Start of EXTRACTED DATA

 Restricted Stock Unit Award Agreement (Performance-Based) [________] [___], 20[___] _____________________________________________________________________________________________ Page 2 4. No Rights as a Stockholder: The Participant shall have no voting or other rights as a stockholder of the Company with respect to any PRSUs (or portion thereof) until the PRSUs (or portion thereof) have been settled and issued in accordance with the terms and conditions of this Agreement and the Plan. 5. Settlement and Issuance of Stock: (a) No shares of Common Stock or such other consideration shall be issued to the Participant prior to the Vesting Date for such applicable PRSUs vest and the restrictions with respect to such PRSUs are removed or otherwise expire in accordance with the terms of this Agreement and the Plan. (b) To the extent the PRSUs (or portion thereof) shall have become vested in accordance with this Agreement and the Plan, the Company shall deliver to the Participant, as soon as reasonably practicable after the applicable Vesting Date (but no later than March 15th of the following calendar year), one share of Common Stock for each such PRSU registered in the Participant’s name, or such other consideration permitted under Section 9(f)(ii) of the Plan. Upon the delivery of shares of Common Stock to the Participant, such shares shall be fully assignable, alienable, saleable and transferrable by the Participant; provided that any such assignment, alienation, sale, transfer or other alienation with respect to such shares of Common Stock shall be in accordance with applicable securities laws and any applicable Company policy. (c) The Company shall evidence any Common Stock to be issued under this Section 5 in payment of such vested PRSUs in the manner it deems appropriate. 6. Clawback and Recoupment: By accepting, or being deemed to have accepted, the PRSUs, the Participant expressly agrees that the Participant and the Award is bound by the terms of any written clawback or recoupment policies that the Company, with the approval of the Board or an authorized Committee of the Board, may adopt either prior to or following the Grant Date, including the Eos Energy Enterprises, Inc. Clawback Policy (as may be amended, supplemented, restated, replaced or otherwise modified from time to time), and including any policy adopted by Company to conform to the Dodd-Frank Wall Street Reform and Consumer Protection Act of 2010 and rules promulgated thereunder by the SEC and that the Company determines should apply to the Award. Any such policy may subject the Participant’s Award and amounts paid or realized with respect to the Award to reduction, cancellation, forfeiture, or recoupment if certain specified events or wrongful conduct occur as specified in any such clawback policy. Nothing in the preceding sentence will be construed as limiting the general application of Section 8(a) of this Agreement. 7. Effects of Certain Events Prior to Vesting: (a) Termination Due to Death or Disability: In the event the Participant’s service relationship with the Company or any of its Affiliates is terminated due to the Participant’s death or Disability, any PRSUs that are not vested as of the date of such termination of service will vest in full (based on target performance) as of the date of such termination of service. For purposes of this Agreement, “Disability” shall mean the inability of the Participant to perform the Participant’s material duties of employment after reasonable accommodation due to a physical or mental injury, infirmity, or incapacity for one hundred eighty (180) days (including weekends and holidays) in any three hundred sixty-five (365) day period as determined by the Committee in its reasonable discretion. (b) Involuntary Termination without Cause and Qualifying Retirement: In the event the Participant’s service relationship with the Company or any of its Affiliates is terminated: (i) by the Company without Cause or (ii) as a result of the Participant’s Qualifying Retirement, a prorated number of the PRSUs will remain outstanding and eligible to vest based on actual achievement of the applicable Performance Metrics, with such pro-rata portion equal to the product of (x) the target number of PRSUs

End of EXTRACTED DATA
Start of EXTRACTED DATA

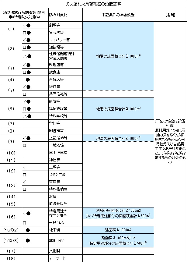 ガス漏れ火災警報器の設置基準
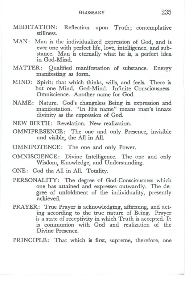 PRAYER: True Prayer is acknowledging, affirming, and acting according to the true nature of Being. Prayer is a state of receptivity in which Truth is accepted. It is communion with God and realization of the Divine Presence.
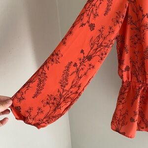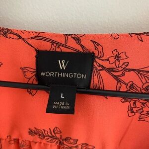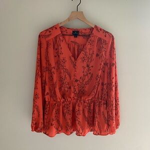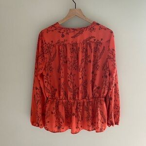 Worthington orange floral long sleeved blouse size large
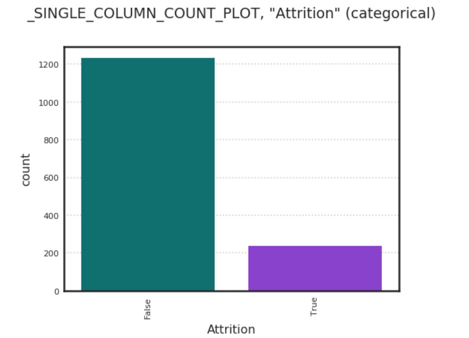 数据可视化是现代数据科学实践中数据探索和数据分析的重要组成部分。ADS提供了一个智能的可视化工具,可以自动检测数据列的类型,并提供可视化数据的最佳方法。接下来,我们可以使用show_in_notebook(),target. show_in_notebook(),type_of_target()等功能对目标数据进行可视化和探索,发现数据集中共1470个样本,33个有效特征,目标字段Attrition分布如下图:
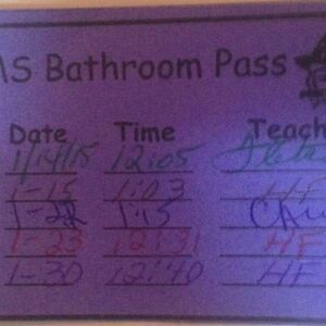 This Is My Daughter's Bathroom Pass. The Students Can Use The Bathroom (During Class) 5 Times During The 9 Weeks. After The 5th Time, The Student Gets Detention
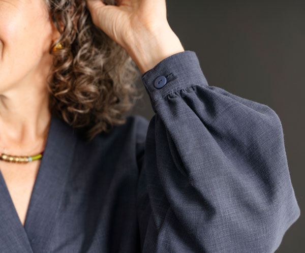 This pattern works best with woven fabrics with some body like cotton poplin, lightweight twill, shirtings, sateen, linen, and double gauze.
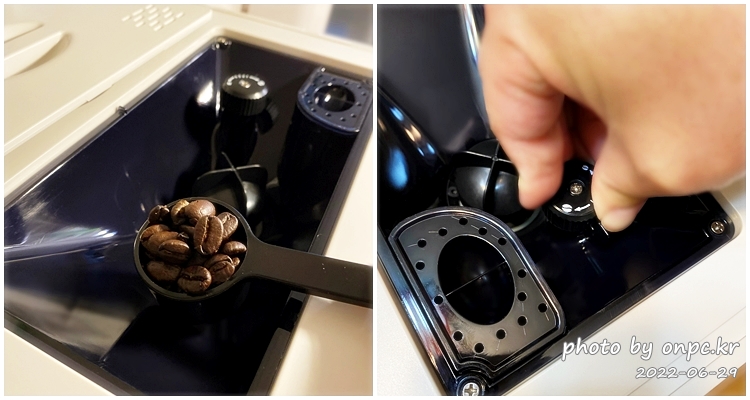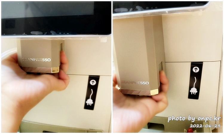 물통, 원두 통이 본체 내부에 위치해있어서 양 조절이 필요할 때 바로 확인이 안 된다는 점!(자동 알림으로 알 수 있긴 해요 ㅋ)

End of EXTRACTED DATA
Start of EXTRACTED DATA

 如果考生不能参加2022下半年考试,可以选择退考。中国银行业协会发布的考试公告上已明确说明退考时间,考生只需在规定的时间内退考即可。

End of EXTRACTED DATA

### TASK TO COMPLETE
Word for word, write out the lines above running from the one with "This Is My Daughter's" up to and including the one with "This pattern works". Drop any picture.

### ANSWER TO THE PROBLEM
 This Is My Daughter's Bathroom Pass. The Students Can Use The Bathroom (During Class) 5 Times During The 9 Weeks. After The 5th Time, The Student Gets Detention
 This pattern works best with woven fabrics with some body like cotton poplin, lightweight twill, shirtings, sateen, linen, and double gauze.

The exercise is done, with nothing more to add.